Dayak means upstream or inland. Typically, they live in longhouses traditional community homes that can house 20 to 100 families.
Iban is the largest of Sarawak's ethnic groups with over 30% of the state's population. In the past, they were a fearsome warrior race known for headhunting and piracy. Sometimes wrongly called Sea Dayaks for their boating skills, they live in the heart of Kalimantan.
The Bidayuh are peace loving and easy going but ironically have a history of headhunting. Their roundhouses are mainly located in Sarawak's mountainous regions.
Orang Ulu are the upriver tribes of Sarawak. Artistically inclined, their longhouses are ornately decorated with woodcarvings and murals. Their utensils are embellished with intricate beadwork; and aristocratic ladies cover their body with finely detailed tattoos.
Sabah’s indigenous people include Kadazan-Dusun, Kwijau, Murut, Bajau, Illanun, Lotud, Rungus, Tambanuo, Dumpas, Mangka’ak, Suluk, Illocano, Orang Sungai, Brunei, Kedayan, Tagalog, Bisaya, Tidong, Indonesian, Maragang, Orang Cocos, Paitan, Ida’an, Minoko, Rumanau, Serani, Chinese of mixed bumibutra parentage and Filipino of mixed bumiputra parentage.
The largest ethnic group of Sabah, the Kadazan Dusuns form about 30% of the state's population. Actually consisting of two tribes; the Kadazan and the Dusun, they were grouped together as they both share the same language and culture. However, the Kadazan are mainly inhabitants of flat valley deltas, which are conducive to paddy field farming, while the Dusun traditionally lived in the hilly and mountainous regions of interior Sabah.
The second largest ethnic group in Sabah, the Bajaus make up about 15% of the state's population. Historically, a nomadic sea-faring people that worshipped the Omboh Dilaut of God of the Sea, they are sometimes referred to as the Sea Gypsies. Those who chose to leave their sea-faring ways become farmers and cattle breeders. These land Bajaus are nicknamed 'Cowboys of the East' in tribute to their impressive equestrian skills, which are publicly displayed in the annual Tamu Besar festival at Kota Belud.
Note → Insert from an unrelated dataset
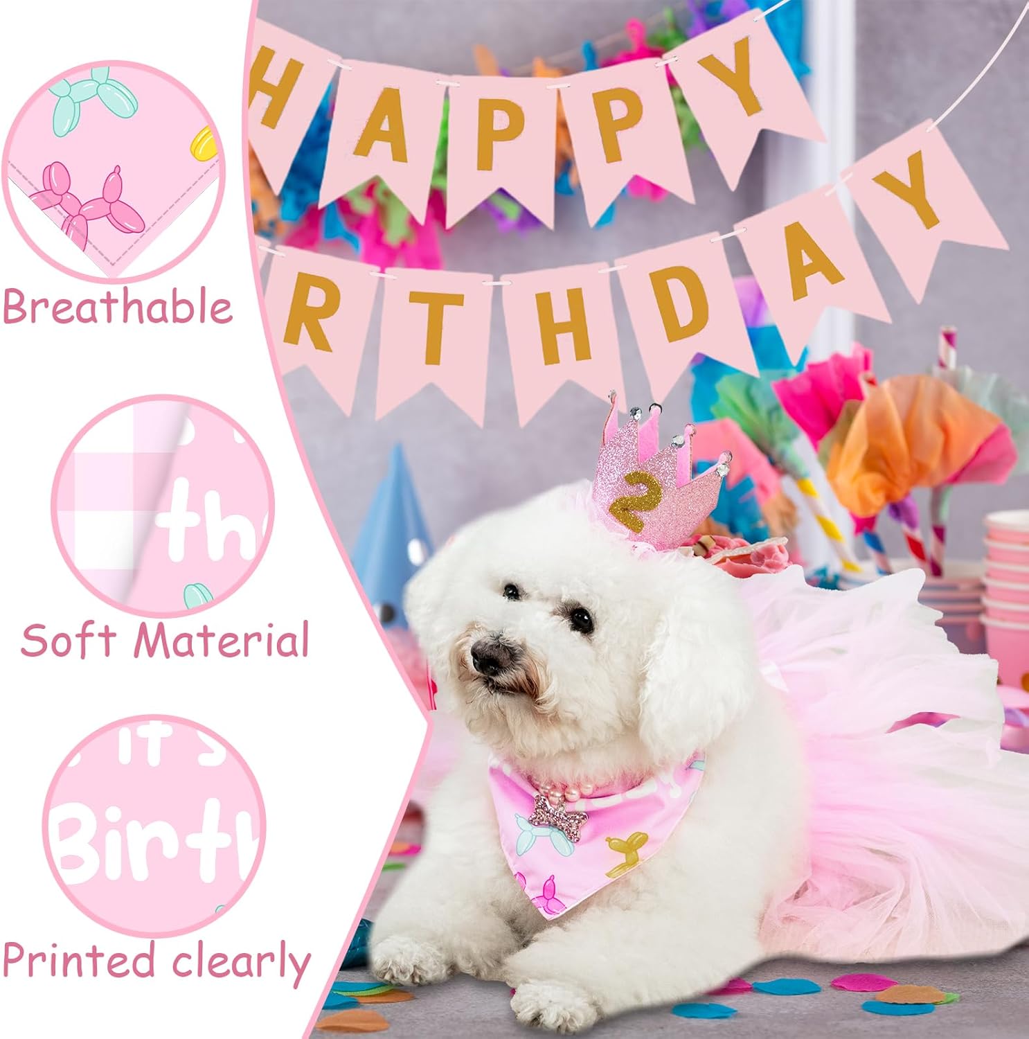 Pañuelos de cumpleaños rosas, felicitaciones de vacaciones únicas: Las bandanas rosas con las frases "Completamente feliz cumpleaños" están hechas de materiales sentimentales de algodón transpirable. Son suaves y acogedoras, realzando el ambiente de la ocasión. Evitarán que la mascota ensucie la ropa y son, además, un magnífico adorno de estilo.
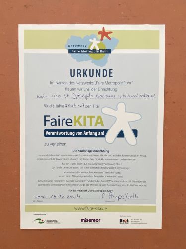 Zum 3. Mal haben wir heute die Titelerneuerung als FaireKiTa erhalten und sind somit für die nächsten 3 Jahre wieder zertifiziert.

Murut means ‘Men of the Hills’ and they are the third largest ethnic group in Sabah, making up about 3% of the state's population. Traditionally inhabiting the northern inland regions of Borneo, they were the last of Sabah's ethnic groups to renounce headhunting. Now, they are mostly shifting cultivators of hill paddy and tapioca, supplementing their diet with blowpipe hunting and fishing. Like most indigenous tribes in Sabah, their traditional clothing is decorated with distinctive beadwork. ‘Kaansayan Minatong’ means welcome in Murut language.